What you need to do: Give again, word for word, the lines below that run from the line with "in./12.70 x 17.80 cm" through the line with "- Labai greitai". Drop the pictures.

Given records:
>>>>>
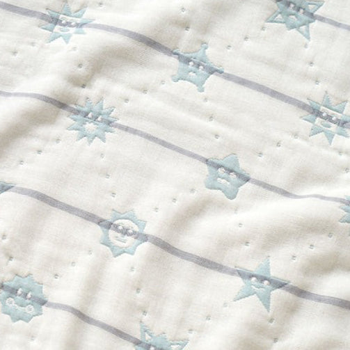 Everyone is a shining star. Every newborn baby has their own personality and is different. We designed each baby with a different star, likening them to a star that is full of personality. In summer, it quickly absorbs sweat and keeps you dry, and in winter, it traps air between the layers to keep you warm. This blanket feels like you are wearing air.
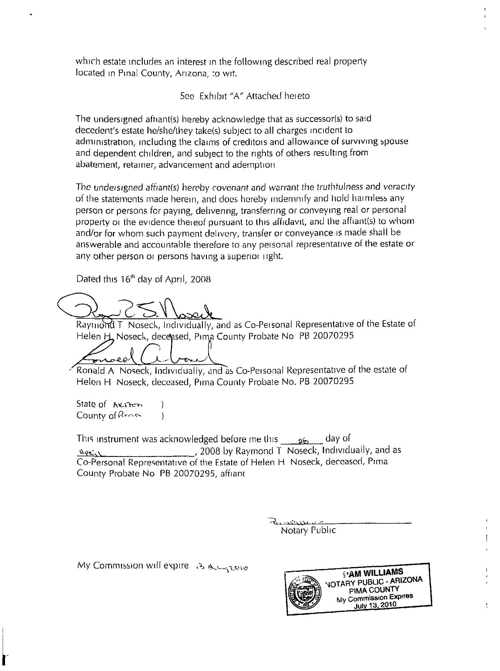 INSTRUMENT REC DATE OWNER: NOSECK RON & DENISE REV TRUST ETAL 2009 129967 12/16/2009 MAIL: 13730 E CAMINO CARTAMO TUCSON AZ 85749
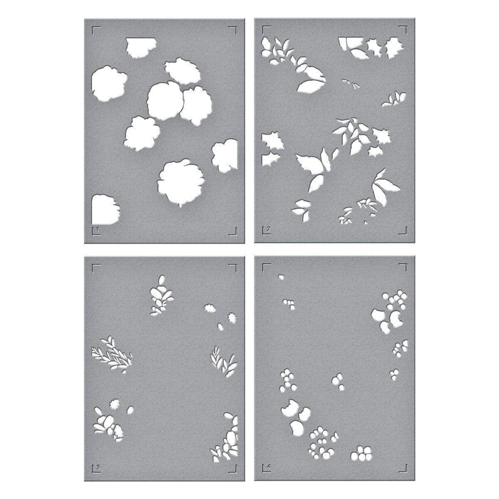 • STN-091 Layered Winter Rose Background Stencil (4 pcs): 5.00 x 7.00 in./12.70 x 17.80 cm
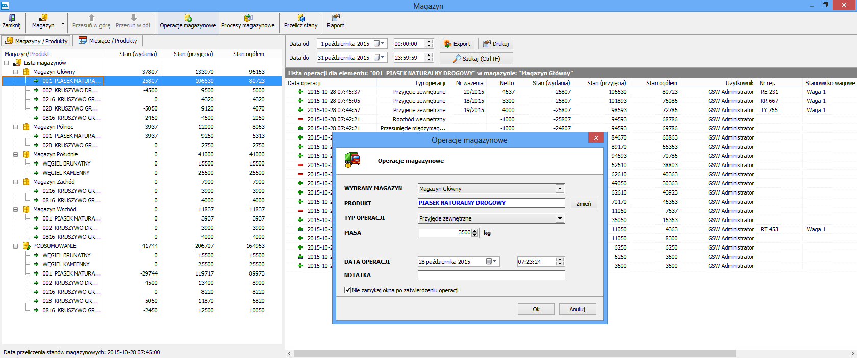 Operacje mogą dotyczyć dowolnego magazynu oraz produktu. Oprócz określenia typu operacji można także podać masę, datę oraz dodatkowe uwagi.
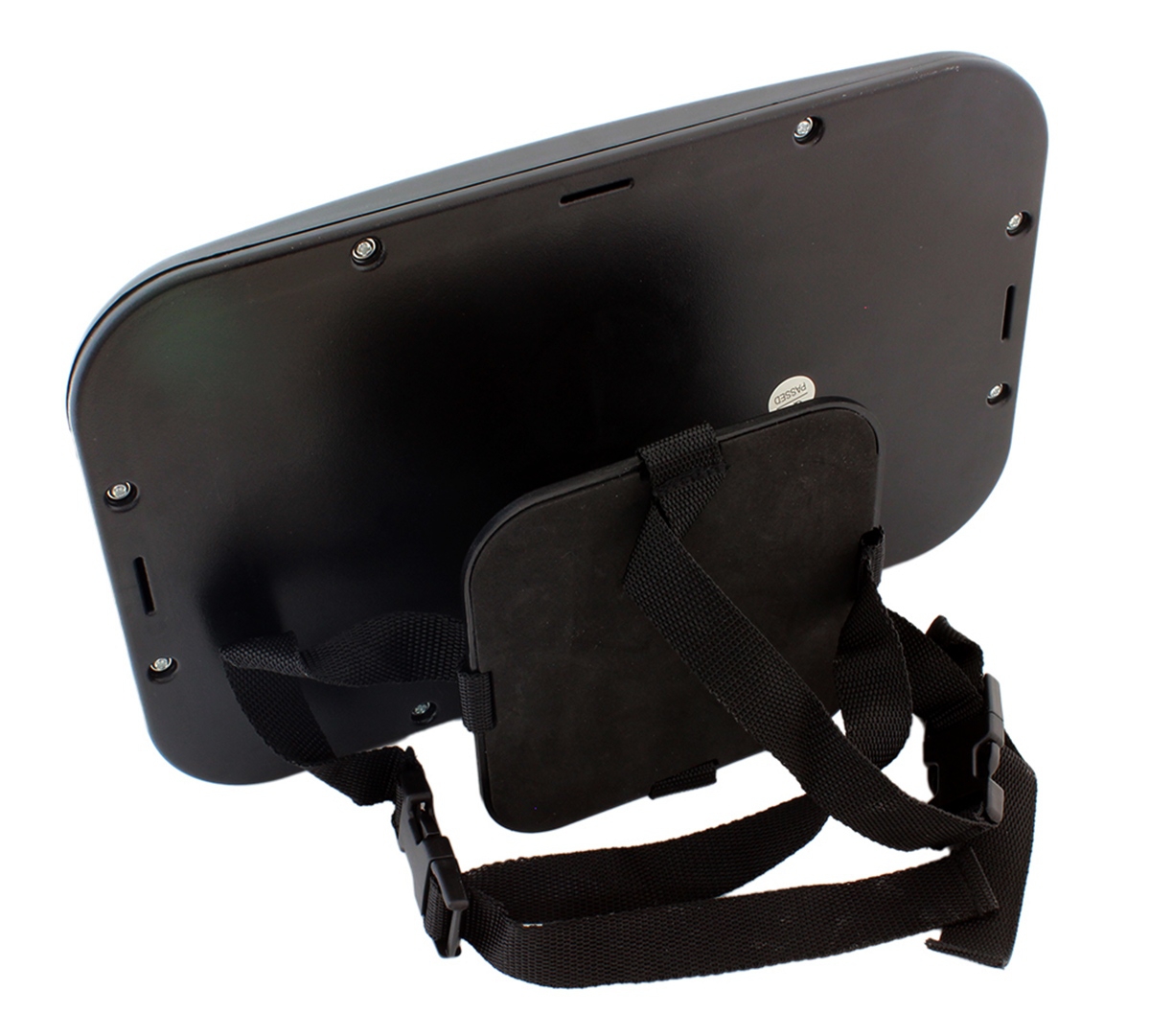- Labai greitai pritvirtinamas prie galvos atramos, naudojant diržą su sagtimi.
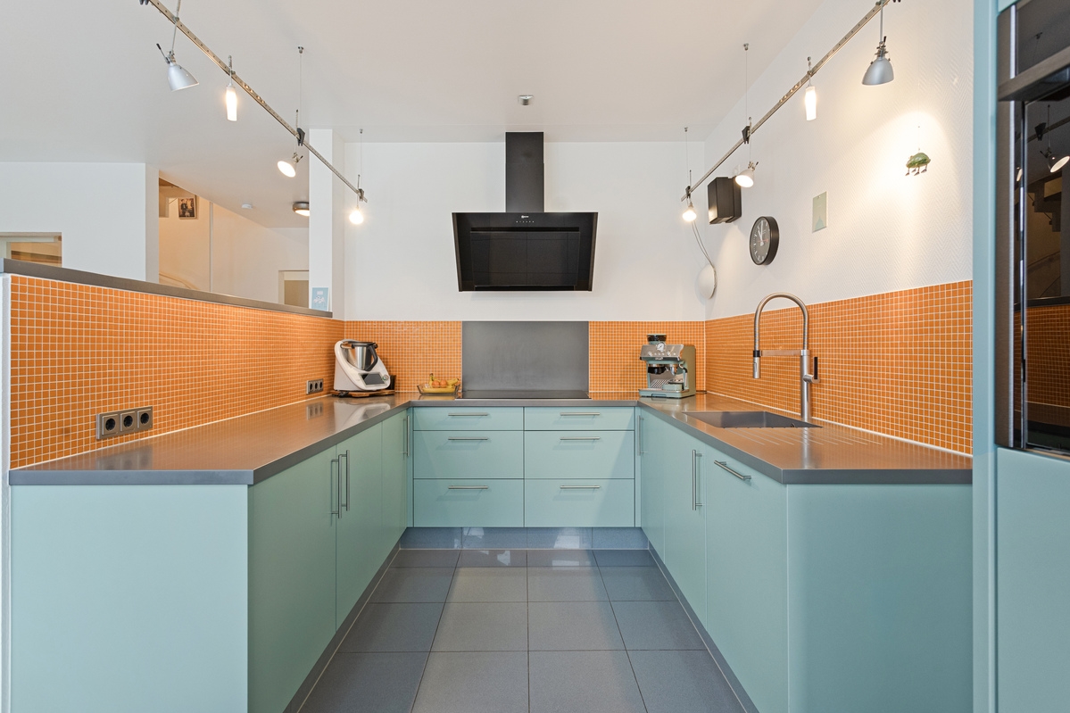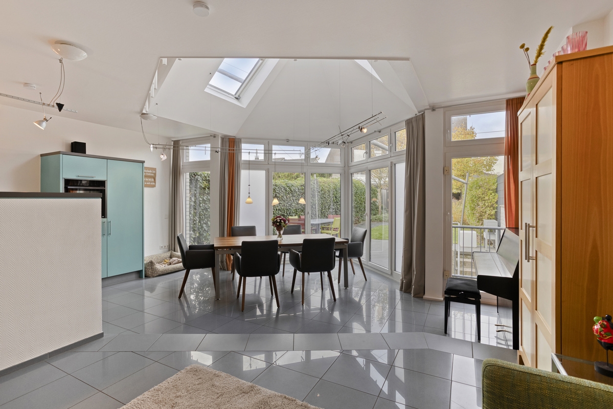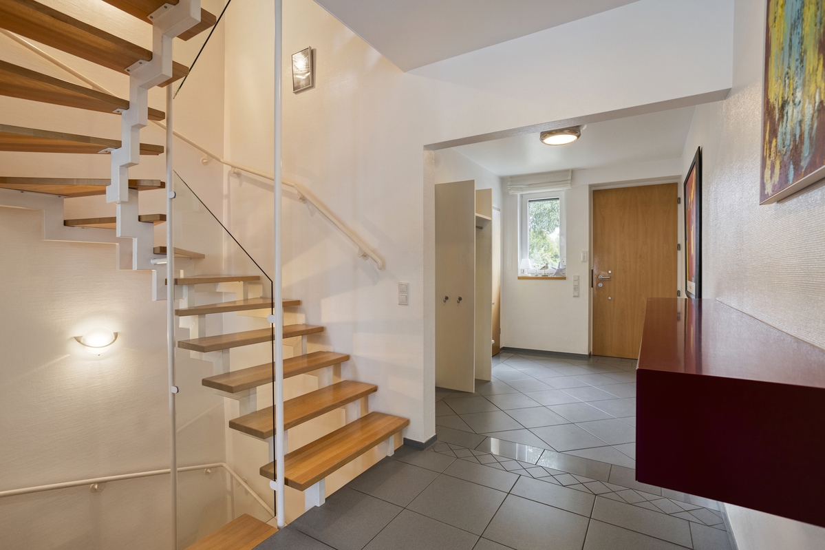 Im Erdgeschoss gelangen Sie zunächst in einen Flur, der ausreichend Platz für eine kleine Garderobe bietet. Zur rechten Seite befinden sich das Gäste-WC sowie ein praktischer Abstellraum. Im hinteren Bereich öffnet sich der großzügige Wohn- und Essbereich mit offener Küche. Oberlichter und eine große Fensterfront sorgen für viel Tageslicht und schaffen eine angenehme Wohnatmosphäre. Von hier aus besteht direkter Zugang zur einladenden Terrasse, ideal für einen gemütlichen Outdoor-Essbereich mit schönem Blick in den grünen Garten.
<<<<<
Completed task:
 • STN-091 Layered Winter Rose Background Stencil (4 pcs): 5.00 x 7.00 in./12.70 x 17.80 cm
 Operacje mogą dotyczyć dowolnego magazynu oraz produktu. Oprócz określenia typu operacji można także podać masę, datę oraz dodatkowe uwagi.
- Labai greitai pritvirtinamas prie galvos atramos, naudojant diržą su sagtimi.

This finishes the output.